Van Kooten C, Galibert L, Seon B K, Garrone P, Liu Y J, Banchereau J
Laboratory for Immunological Research, Schering-Plough, Dardilly, France.
Clin Exp Immunol. 1997 Dec;110(3):509-15. doi: 10.1046/j.1365-2249.1997.4201436.x.
Antigen-dependent activation of B lymphocytes is mediated through surface immunoglobulins and their associated molecules Ig-alpha (CD79a, Mb1) and Ig-beta (CD79b, B29). Here we show that an antibody directed against the extracellular part of human Ig-beta can, when cross-linked by CD32-transfected L cells, induce an IL-2-dependent proliferation of tonsil B cells. With the use of L cells stably transfected with both CD32 and CD40L, anti-Ig-beta activation of B cells was combined with CD40 triggering, an important component of the T cell-dependent B cell activation. This dual cellular activation resulted in two different phases, with initially synergistic proliferative effects, both without and with IL-2 or IL-10. Then, after 5-6 days of culture, cells stimulated with both anti-Ig-beta and CD40L underwent massive cell death, in contrast to B cells activated with CD40L alone. Cell death was not prevented by the addition of IL-2 or IL-10, but was prevented by the addition of IL-4. These results are discussed in the context of positive and negative selection of mature B cells.

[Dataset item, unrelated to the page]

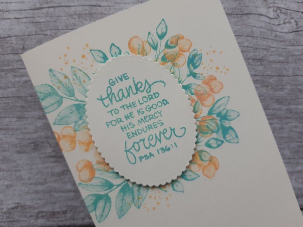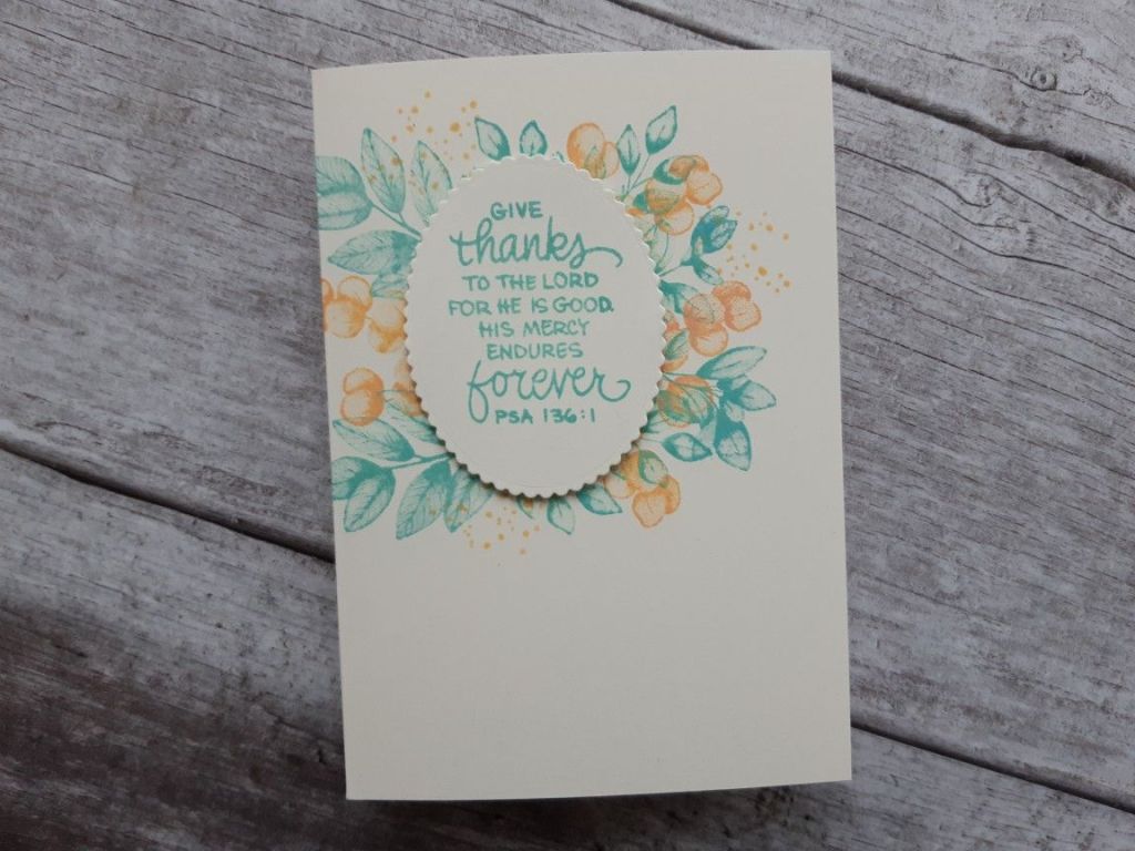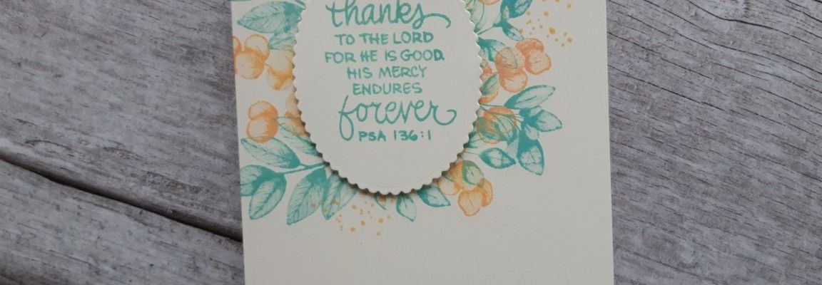 Hello crafty friends. Today’s card is another nice and simple CAS one, this time using one of the ‘Bible Verses’ set from Stampendous and Stampin’ Up!’s ‘forever fern’ stamp set. Once again I’ve managed to combine a few blog challenges with this one. I picked up the bible verse to fit The Paper Players‘ theme of ‘give thanks’ and then combined it with the colour palette from TGIF and the new layout from CAS Colours & Sketches.

B淋巴细胞的抗原依赖性激活是通过表面免疫球蛋白及其相关分子Ig-α(CD79a,Mb1)和Ig-β(CD79b,B29)介导的。在此我们表明,一种针对人Ig-β细胞外部分的抗体,当被转染了CD32的L细胞交联时,可诱导扁桃体B细胞的IL-2依赖性增殖。通过使用稳定转染了CD32和CD40L的L细胞,B细胞的抗Ig-β激活与CD40触发相结合,CD40触发是T细胞依赖性B细胞激活的一个重要组成部分。这种双重细胞激活导致两个不同阶段,最初具有协同增殖效应,无论有无IL-2或IL-10。然后,在培养5至6天后,与单独用CD40L激活的B细胞相比,用抗Ig-β和CD40L刺激的细胞发生大量细胞死亡。添加IL-2或IL-10不能阻止细胞死亡,但添加IL-4可以阻止。这些结果在成熟B细胞的阳性和阴性选择背景下进行了讨论。